Question

help needed here please

Answer 1

Let X be a complete metric space and {On} is countable collection of dense open subset of X. Show that On is not empty.

Answer 2

@Michele_Laino

Answer 3

I can solve that question using the Theorem of Category of Baire

Answer 4

yes please use that theorem

Answer 5

ok!

Answer 6

Using that theorem, we can state this:
since X is a complete metric space, then any countable collection of dense open subsets has dense intersection

Answer 7

ok

Answer 8

now, let:
\[\Large {O_n} = {\left\{ {{V_n}} \right\}_{n \in \mathbb{N}}}\] be our countable collection

Answer 9

ok please continue , i am here

Answer 10

the subsequent set:
\[\Large \overline {{ \cap _n}{V_n}} = X\]

Answer 11

since by the Baire's theorem the set:
\[\Large {{ \cap _n}{V_n}}\] is dense in X

Answer 12

is that all?

Answer 13

no, please let's suppose, by absurdum, that On is empty

Answer 14

that means each Vn is empty:
\[\Large {O_n} = \emptyset \Rightarrow {V_n} = \emptyset ,\quad \forall n\]

Answer 15

ok

Answer 16

so, also the intersection is empty:
\[\Large { \cap _n}{V_n} = \emptyset \]

Answer 17

because the intersection of empty sets is also empty

Answer 18

yap

Answer 19

now, the empty set is both a closed and open set, and we can write this:
\[\Large \emptyset = \overline \emptyset = \overline {{ \cap _n}{V_n}} = X\]
which is a contradiction, since by hypothesis, X is not empty

Answer 20

that's all!

Answer 21

thanks . want to copy it and study but can i ask ine last question for now?

Answer 22

ok!

Answer 23

Let (X, d) and (Y, d) be metric spaces and f a mapping of X into Y. Let τ1 and τ2 be the topologies determined by d and d1 respectively.
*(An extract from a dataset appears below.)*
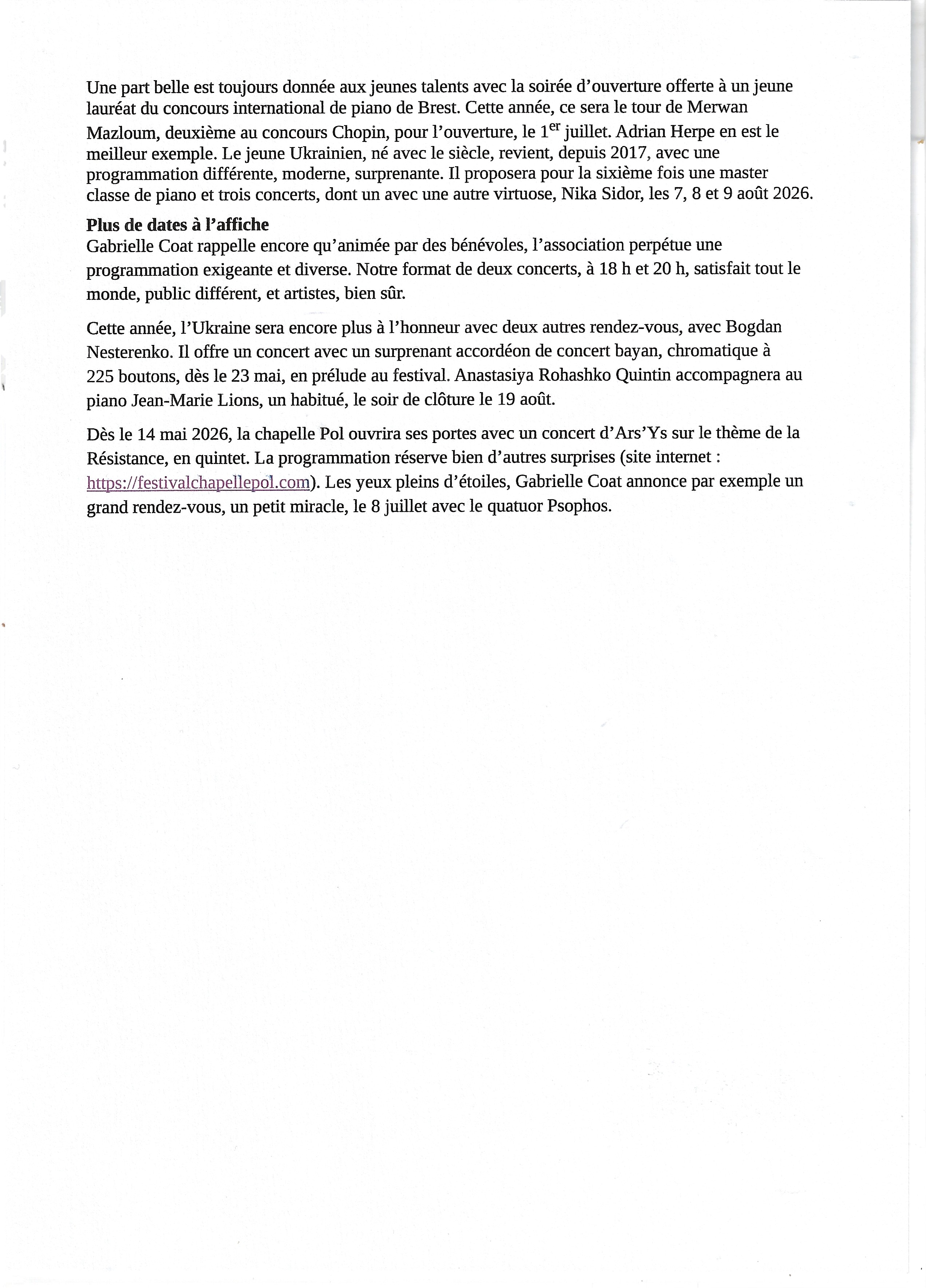 Le Festival de la chapelle Pol est quasiment

Then f(X, τ) (y, τ) is continuous if and only if ; that is if x1, x2, . . . , xn, . . . , is a sequence of points in (X, d) converging to x, show that the sequence of points f(x1), f(x2), . . . , f(xn), . . . in (Y, d) converges to x.

Answer 24

please I have to go out now, I will come back between 2 hours

Answer 25

@Michele_Laino

Answer 26

a proof can be this:
let's suppose that f is contnuous, then the sequence x1, x2,...xn can be viewed as a continuous function from the set of natural number to the metric space (X,d), therefore, using the theorem of composition of continuous function, we can say that the function:
\[\Large \mathbb{N} \to Y:n \to f\left( {{x_n}} \right)\]
is also continuous and we have:
\[\Large \mathop {\lim }\limits_{n \to \infty } f\left( {{x_n}} \right) = f\left( {{x_0}} \right)\]

Answer 27

vice versa, let's suppose that f is not a continuous function at x_0. Then we can find a neighborhood V around f(x_0) of Y, such that for each neighborhood U around x_0 of X we have:
\[\Large f\left( U \right) \not\subset V\]
We can choose each of Us like a ball of radius r= 1/n, n=1,2,3,....
Inside each of such balls U, we can find an element x_n such that:
\[\Large f\left( {{x_n}} \right) \notin V\]
in so doing we got a subsequence x1, x2,...,xn which converges to x_0, nevertheless f(x_n) doesn't converge to f(x_0), namely a contradiction

Answer 28

ok

Answer 29

is that all?

Answer 30

yes! we are done

Answer 31

waw, thanks .

Answer 32

:)